Three-term congressman is third Texas Republican to opt against reelection this cycle

Texas Rep. Will Hurd will not seek another term in 2020. (Bill Clark/CQ Roll Call file photo)
Texas Rep. Will Hurd will not seek another term in 2020. (Bill Clark/CQ Roll Call file photo)

Texas Rep. Will Hurd, the only African American Republican in the House, announced Thursday evening that he will not run for reelection next year. The news is a blow to House Republicans looking to win back the majority, since Hurd is in one of the most competitive districts in the country and withstood the Democratic wave in 2018. 

The three-term congressman, whose 23rd District stretches from El Paso to San Antonio along the U.S.-Mexico border, said he made the decision “in order to pursue opportunities outside the halls of Congress to solve problems at the nexus between technology and national security.” 

“As the only African American Republican in the House of Representatives and as a congressman who represents a 71% Latino district, I’ve taken a conservative message to places that don’t often hear it,” Hurd said in a statement.

“These Republican ideals resonate with people who don’t think they identify with the Republican Party,” he added. “Every American should feel they have a home in our party.”

Hurd, a former CIA agent, has been among the few Republican members of Congress to criticize President Donald Trump. He recently was one of just four House GOP lawmakers to vote to condemn Trump’s comments about four minority congresswomen as racist. 

Hurd becomes the third Texas Republican to announce his retirement this cycle, joining Reps. Pete Olson and K. Michael Conaway.

House Democrats are heavily targeting Texas this election cycle, and the 23rd District is at the top of their list. The Democratic Congressional Campaign Committee has opened up headquarters in the Lone Star State and is targeting six GOP-held seats, largely in the increasingly diversifying Texas suburbs.

National Republican Congressional Committee Chairman Tom Emmer said the GOP “will fight tooth and nail to ensure” Hurd’s district “remains in Republican hands in 2020.”

“Contrary to what the pundits will tell you, this is an R+1 district,” the Minnesota Republican said in a statement.
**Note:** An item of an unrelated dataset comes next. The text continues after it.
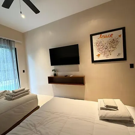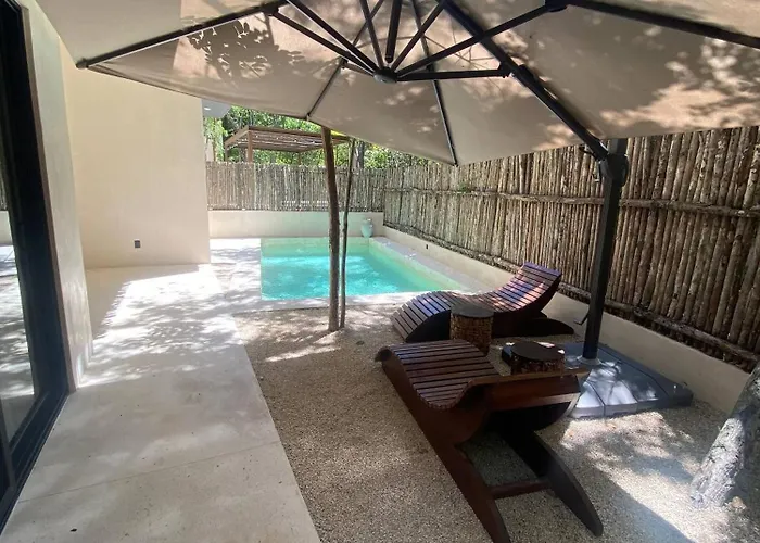 The spacious Great 3 Bedroom Apartment And Private Pool Tulum is situated in the Zama district, a 20-minute walk from the Pyramid of Positive Thinking, and features a fitness studio. Guests can make use of Wi-Fi for both business and leisure purposes.
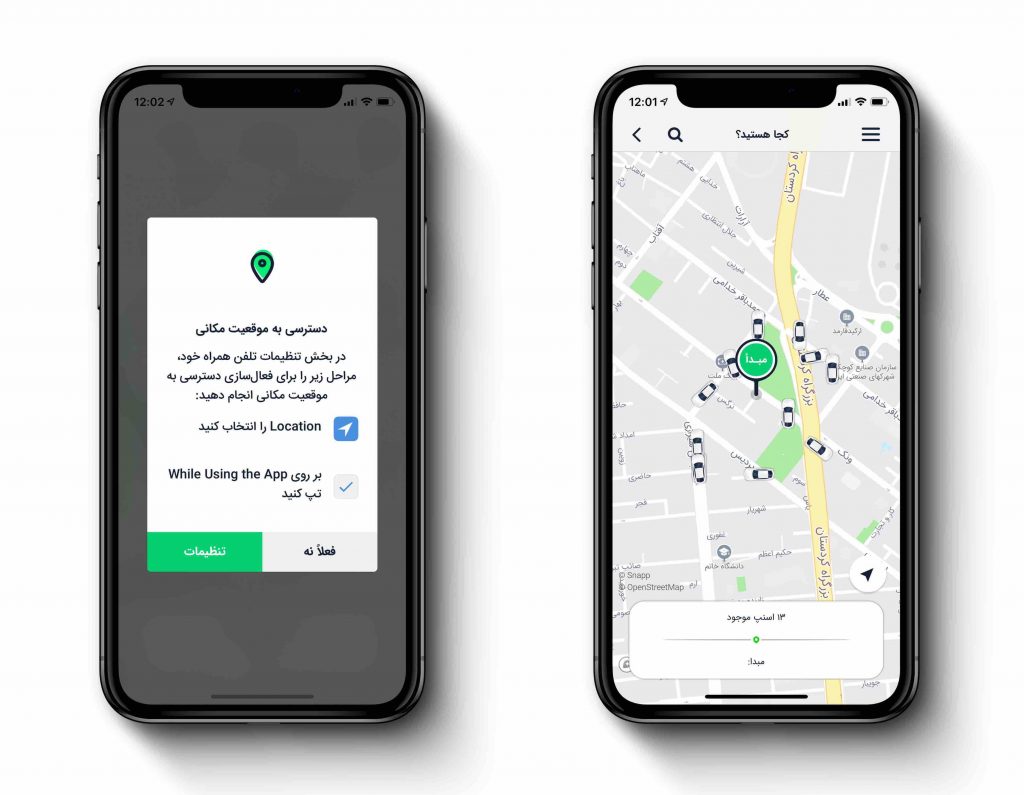 پس از ورود به حساب کاربری با نقشه اسنپ مواجه خواهید شد. لطفا دقت داشته باشید که در این قسمت مرورگر از شما درخواست دسترسی به مکان جغرافیایی‌تان را می‌دهد. برای عملکرد صحیح در یافتن مبدا دقیق، توصیه می‌کنیم با این دسترسی موافقت کنید.

But without Hurd, the district likely becomes even more competitive for Democrats. DCCC spokesman Avery Jaffe said in a statement, “Democrats will win this seat and if Will Hurd doesn’t believe he can keep his job in a changing Texas, his colleagues must be having second thoughts too.”

Hurd is one of just three Republicans to represent a district carried by Hillary Clinton in 2016. Clinton won the seat by 3 points. The district is also the only one along the southern border that the GOP currently holds. 

Hurd was first elected in 2014, unseating Democrat Pete Gallego by 2 points. He narrowly won a rematch with Gallego two years later and eked out a third term last year, defeating Democrat Gina Ortiz Jones by 926 votes. Several Democrats, including Ortiz Jones, had already begun lining up to challenge him in 2020.

“After years of serving our country, first in the CIA and then in Congress, I respect Congressman Hurd’s decision to serve in a new capacity,” Ortiz Jones, a former Air Force intelligence officer, said in a statement. “From San Antonio to Socorro and everywhere in between, Texans are ready for new leadership in Washington and I’m ready to serve.”

Inside Elections with Nathan L. Gonzales changed the race rating for the 23rd District race from a Toss-up to Lean Democratic after Hurd’s retirement.